A confusão estava armada. Mais uma vez, o problema das frações (que é uma outra forma de expressar números decimais). Dona Maria não compreendia que 0,5 é uma quantidade inferior a 2, inferior a 1. E também não compreendia que uma quantidade maior de comprimidos pode significar uma dose menor do medicamento.

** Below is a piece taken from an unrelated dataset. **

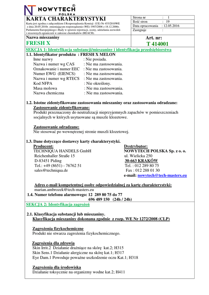 KARTA CHARAKTERYSTYKI Karta jest zgodna z załącznikiem I Rozporządzenia Komisji (UE) Nr 453/2010WE z dnia 20.05.2010r. zmieniającym rozporządzenie (WE) 1907/2006 z 18.12.2006r. Parlamentu Europejskiego i Rady w sprawie rejestracji, oceny, udzielania zezwoleń i stosownych ograniczeń w zakresie chemikaliów (REACH). Strona nr Ilość stron Data opracowania Zastępuje Nazwa mieszaniny FRESH X : 1 : 19 : 12.05.2016 : Art. nr: T 414001 SEKCJA 1: Identyfikacja substancji/mieszaniny i identyfikacja przedsiębiorstwa 1.1. Identyfikator produktu : FRESH X MELON Inne nazwy : Nie posiada. Nazwa i numer wg CAS : Nie ma zastosowania. Oznakowanie i numer EEC : Nie ma zastosowania. Numer EWG (EIENCS) : Nie ma zastosowania. Nazwa i numer wg RTECS : Nie ma zastosowania. Kod NFPA : Nie określony. Masa molowa : Nie ma zastosowania. Nazwa chemiczna : Nie ma zastosowania. 1.2. Istotne zidentyfikowane zastosowania mieszaniny oraz zastosowania odradzane: Zastosowanie zidentyfikowane: Produkt przeznaczony do neutralizacji nieprzyjemnych zapachów w pomieszczeniach socjalnych w których usytuowane są muszle klozetowe. Zastosowanie odradzane: Nie stosować po wewnętrznej stronie muszli klozetowej. 1.3. Dane dotyczące dostawcy karty charakterystyki. Producent: Dystrybutor: TECHNIQUA HANDELS GmbH NOWYTECH POLSKA Sp. z o. o. Reichenhaller Straße 15 ul. Wielicka 250 D-83451 Piding 30-663 KRAKÓW Tel.: +49 (8651) - 76762 51 Tel. : 012 289 80 75 [email protected] Fax : 012 288 01 30 e-mail: [email protected] Adres e-mail kompetentnej osoby odpowiedzialnej za kartę charakterystyki: [email protected] 1.4. Numer telefonu alarmowego: 12 289 80 75 do 77 696 489 150 (24h / 24h) SEKCJA 2: Identyfikacja zagrożeń 2.1. Klasyfikacja substancji lub mieszaniny. Klasyfikacja mieszaniny dokonana zgodnie z rozp. WE Nr 1272/2008 (CLP) Zagrożenia fizykochemiczne Produkt nie stwarza zagrożenia fizykochemicznego. Zagrożenia dla zdrowia Skin Irrit.2 Działanie drażniące na skórę kat.2; H315 Skin Sens.1 Działanie alergiczne na skórę kat.1; H317 Eye Dam.1 Powoduje poważne uszkodzenie oczu Kat.1; H318 Zagrożenia dla środowiska Działanie toksycznie na organizmy wodne kat.2; H411 KARTA CHARAKTERYSTYKI Karta jest zgodna z załącznikiem I Rozporządzenia Komisji (UE) Nr 453/2010WE z dnia 20.05.2010r. zmieniającym rozporządzenie (WE) 1907/2006 z 18.12.2006r. Parlamentu Europejskiego i Rady w sprawie rejestracji, oceny, udzielania zezwoleń i stosownych ograniczeń w zakresie chemikaliów (REACH). Nazwa mieszaniny Strona nr Ilość stron Data opracowania Zastępuje : 2 : 19 : 12.05.2016 : Art. nr: FRESH X T 414001 Zagrożenia dla środowiska Działanie toksycznie na organizmy wodne kat.2; H411 2.2. ELEMENTY OZNAKOWANIA Piktogram(y) określający(e) rodzaj zagrożenia: GHS07 GHS005 GHS09 Hasło ostrzegawcze Niebezpieczeństwo (Dng) Zawiera: ALDEHYD CYNAMONOWY (CAS104-55-2) < 3,5% 2-(4-TERT-BUTYLBENZYL)PROPANAL (CAS80-54-6) < 3,5% CYKLAMEN ALDEHYDU (103-95-7) < 3,5% OCTAN 2-t-BUTYLCYKLOHEKSYL (CAS 88-41-5) < 3,5 % Zwrot(-y) wskazujący(-e) rodzaj zagrożenia H315 Działa drażniąco na skórę. H317 Może powodować reakcję alergiczną skóry. H318 Powoduje poważne uszkodzenie oczu. H411 Działa toksycznie na organizmy wodne. Zwrot(-y) określający(-e) środki ostrożności - ogólne: P103 Przed użyciem przeczytać etykietę. Zwrot(-y) określający(-e) środki ostrożności – zapobieganie: P273 Unikać uwolnienia do środowiska. P280 Stosować rękawice ochronne/odzież ochronną/ochronę oczu/ochronę twarzy. Zwrot(-y) określający(-e) środki ostrożności – reagowanie: P302+P352 W PRZYPADKU KONTAKTU ZE SKÓRĄ: umyć dużą ilością wody z mydłem. P333+P313 W przypadku wystąpienia podrażnienia skóry lub wysypki: Zasięgnąć porady/zgłosić się pod opiekę lekarza. Usuwanie P501 usuwać zgodnie z przepisami miejscowymi i regionalnymi. 2.3. INNE ZAGROŻENIA Nie stwarza innych zagrożeń SEKCJA 3: Skład/informacja o składnikach. 3.1. Substancje: Nie dotyczy. 3.2. Mieszaniny: ESTER ETYLENU KWASU OCTOWEGO Zawartość: 60% < C < 80% Numer indeksowy: Nie posiada Numer CAS: 24937-78-8 Numer WE: Nie posiada Numer rejestracji: Nie posiada KARTA CHARAKTERYSTYKI Karta jest zgodna z załącznikiem I Rozporządzenia Komisji (UE) Nr 453/2010WE z dnia 20.05.2010r. zmieniającym rozporządzenie (WE) 1907/2006 z 18.12.2006r. Parlamentu Europejskiego i Rady w sprawie rejestracji, oceny, udzielania zezwoleń i stosownych ograniczeń w zakresie chemikaliów (REACH). Strona nr : 3 Ilość stron : 19 Data opracowania : 12.05.2016 Zastępuje : Nazwa mieszaniny Art. nr: FRESH X T 414001 Klasyfikacja zgodna z kryteriami rozporządzenia (WE) nr 1272/2008: Substancja nie jest zaklasyfikowana jako niebezpieczna. LINALOL Zawartość: 0,35 < C < 3,5 % Numer indeksowy: Nie posiada Numer CAS: 78-70-6 Numer WE: 201-134-4 Numer rejestracji: Nie posiada Klasyfikacja zgodna z kryteriami rozporządzenia (WE) nr 1272/2008: piktogram klasa zagrożenia/kod kategorii zwroty H Skin Irrit.2 H315 Eye Irrit.2 H319 Skin Irrit.2; H315 - stężenie graniczne C=>10% Eye Irrit.2; H319 - stężenie graniczne C=>10% GAMMA-UNDECALACTONE Zawartość: 0,35 < C <3,5% Numer indeksowy: Nie posiada Numer CAS: 104-67-6 Numer WE: 203-225-4 Numer rejestracji: Nie posiada Klasyfikacja zgodna z kryteriami rozporządzenia (WE) nr 1272/2008: piktogram klasa zagrożenia/kod kategorii Aquatic Chronic 2 zwroty H H411 OCTAN GERANYLU Zawartość: 0,35 < C <3,5% Numer indeksowy: Nie posiada Numer CAS: 105-87-3 Numer WE: 203-341-5 Numer rejestracji: Nie posiada Klasyfikacja zgodna z kryteriami rozporządzenia (WE) nr 1272/2008: piktogram klasa zagrożenia/kod kategorii Aquatic Chronic 2 zwroty H H411 KARTA CHARAKTERYSTYKI Karta jest zgodna z załącznikiem I Rozporządzenia Komisji (UE) Nr 453/2010WE z dnia 20.05.2010r. zmieniającym rozporządzenie (WE) 1907/2006 z 18.12.2006r. Parlamentu Europejskiego i Rady w sprawie rejestracji, oceny, udzielania zezwoleń i stosow

Sua filha, que estava ao lado, parecia não compreender também, mas me pareceu estar disposta a entender. Peguei papel, desenhei, tentei elaborar estratégias didáticas para que elas entendessem que 4 comprimidos de 0,5 mg seriam o equivalente a 1 comprimido de 2 mg. Usei expressões do tipo “comprimidos fraco” para me referir ao de 0,5 mg em comparação a “comprimido forte” para me referir ao de 2 mg. Frisei que o comprimido não era de 5, mas de 0,5.
Não foi fácil, mas concluí aquela consulta acreditando que a filha dela entendeu que ali estava realmente havendo uma redução na dose do medicamento. Conto essas histórias não para ridicularizar os pacientes. Claro que não! Nenhum paciente tem a obrigação de entender as logísticas por trás das práticas da medicina e também não tem a obrigação de terem recebido uma alfabetização desta linguagem chamada matemática. Nós, profissionais, é que temos a obrigação de utilizarmos uma linguagem que esteja ao alcance daquela pessoa que está na nossa frente.
Se a pessoa não compreender o que estamos querendo explicar, ela não é a culpada. Nós é que devemos utilizar uma linguagem mais acessível, sermos mais didáticos para que a compreensão aconteça. Mas é claro que, quando esse tipo de coisa acontece – como os exemplos dados aqui nesse texto – fica clarividente a importância da educação, incluindo a compreensão da matemática, na vida de uma pessoa.